What happened, the title of Hilary Clinton’s recent book, was not a question. Had it been, I’d have offered the following answer, based on evidence from an article I read quite a long time ago in my newspaper.
First, though, when I write the word ‘Neanderthal’ what springs to mind? I know that readers of the AE blog are cultured sophisticates whose only prejudices concern grammatical issues and linguistic niceties but, for at least some of you, I’d guess that, despite your determination to avoid it, there might be some speciesism in your reaction. You’ll see creatures of indeterminate gender with no foreheads who sit in caves grunting monosyllables and tearing raw meat from bones with their prognathous jaws. Perhaps now and then, one will stand, rise to his (this one’s a male) full height of 4 feet 10, club a neighbouring creature (this one will be a female), and drag her off to procreate. The more enlightened among you will probably envision noble savages sitting around a fire listening to their equivalent of Brahms.
|Courtesy of Wikimedia Commons|
Bizarrely, the Brahms faction may be nearer the truth because, according to the article, it seems that Neanderthals wore make-up. Not only that, they also made bracelets and necklaces. For me this is a welcome discovery because something about illustrations of Neanderthals going about their business has always puzzled me. We see them sitting among their scraps of meat and discarded bones looking, frankly, not unlike straightforward apes. There’s no sign of a shower cubicle in the recesses of the cave, no shelves, not even any dishes to put on them. And yet, and yet… they’ve taken the trouble to fashion, out of skins and fur, things resembling skirts. Why? Did they have a rudimentary Bible which told them about Adam biting the apple, noticing that either Eve or himself was malformed and covering up the bits that had gone wrong? Why does someone content to eat raw meat and show affection by clubbing a woman feel embarrassed about his genitalia? Was the obsession about size already a factor? It’s always been a disturbing riddle, a profound mystery simmering insolubly in our past.

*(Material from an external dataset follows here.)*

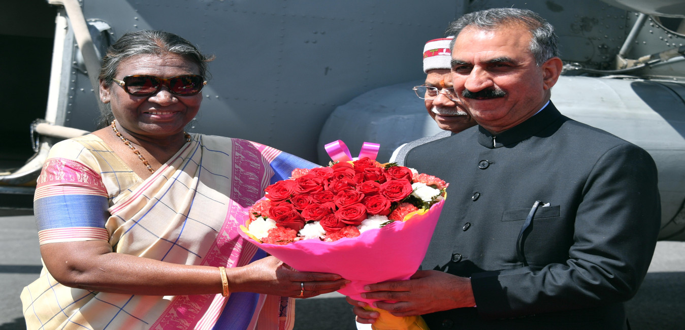 The Governor of Himachal Pradesh, Shri Shiv Pratap Shukla and Chief Minister, Shri Sukhvinder Singh Sukhu received the President of India, Smt. Droupadi Murmu on her arrival at Rasthrapati Niwas, Mashobra on May 04, 2024.

Well, not any more. If they wore make-up, they must have been more self-aware than we imagine. They cared about their appearance because (as the journalist noted in his article), ‘they were worth it’. All homo sapiens did was daub graffiti on his walls. Neanderthals, however, decorated themselves, they were proud of their appearance. So pre-history will have to be rewritten and, consequently, our evolutionary notions of our own origins must be modified. Look at today’s TV, our celebrities, our icons – for the most part they consist of appearances. I don’t mean at openings of galleries, first nights at the opera or red carpet premieres, I mean they are what they look like – beautiful, painted constructs, wrapped in luscious fabrics.
And so to the evidence on which my thesis depends. While it would be stretching a point to call today’s leader of the Western world beautiful, his barely comprehensible grunts, the artificial tones of his epidermis, his brow-concealing coiffure, his treatment of women, his aggressive preference for violent solutions, and his general overall brutishness betray a lineal descent which is clearly not from homo sapiens.

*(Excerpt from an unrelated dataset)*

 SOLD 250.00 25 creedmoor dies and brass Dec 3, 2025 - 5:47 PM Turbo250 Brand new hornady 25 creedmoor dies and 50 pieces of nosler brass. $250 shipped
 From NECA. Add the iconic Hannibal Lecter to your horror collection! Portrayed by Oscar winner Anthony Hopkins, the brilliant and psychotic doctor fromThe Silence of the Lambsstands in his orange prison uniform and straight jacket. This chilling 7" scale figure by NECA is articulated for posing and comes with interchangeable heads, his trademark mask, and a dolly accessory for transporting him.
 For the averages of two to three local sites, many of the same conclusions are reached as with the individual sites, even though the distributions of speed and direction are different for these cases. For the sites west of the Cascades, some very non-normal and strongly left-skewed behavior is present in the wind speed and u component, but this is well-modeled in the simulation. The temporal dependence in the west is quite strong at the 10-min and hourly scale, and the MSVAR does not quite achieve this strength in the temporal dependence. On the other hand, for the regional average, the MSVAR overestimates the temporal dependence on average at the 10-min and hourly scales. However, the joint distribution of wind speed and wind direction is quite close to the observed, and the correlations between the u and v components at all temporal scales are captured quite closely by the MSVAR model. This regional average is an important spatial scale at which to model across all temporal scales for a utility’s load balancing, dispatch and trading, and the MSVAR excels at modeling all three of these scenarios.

The more one follows this line of argument the more persuasive it becomes. It’s evident in most of the alpha male images of Putin and conveyed also by those old daguerreotypes of Bush and Blair at Camp David. Random, unthinking violence is still preferred to reasoned debate, and as long as things look right, they are right. For those of us who are puzzled by the apparent lack of progress in the promised perfectibility of humankind, we can stop worrying – we were looking in the wrong direction. Forget Brahms. Think Homo neanderthalensis.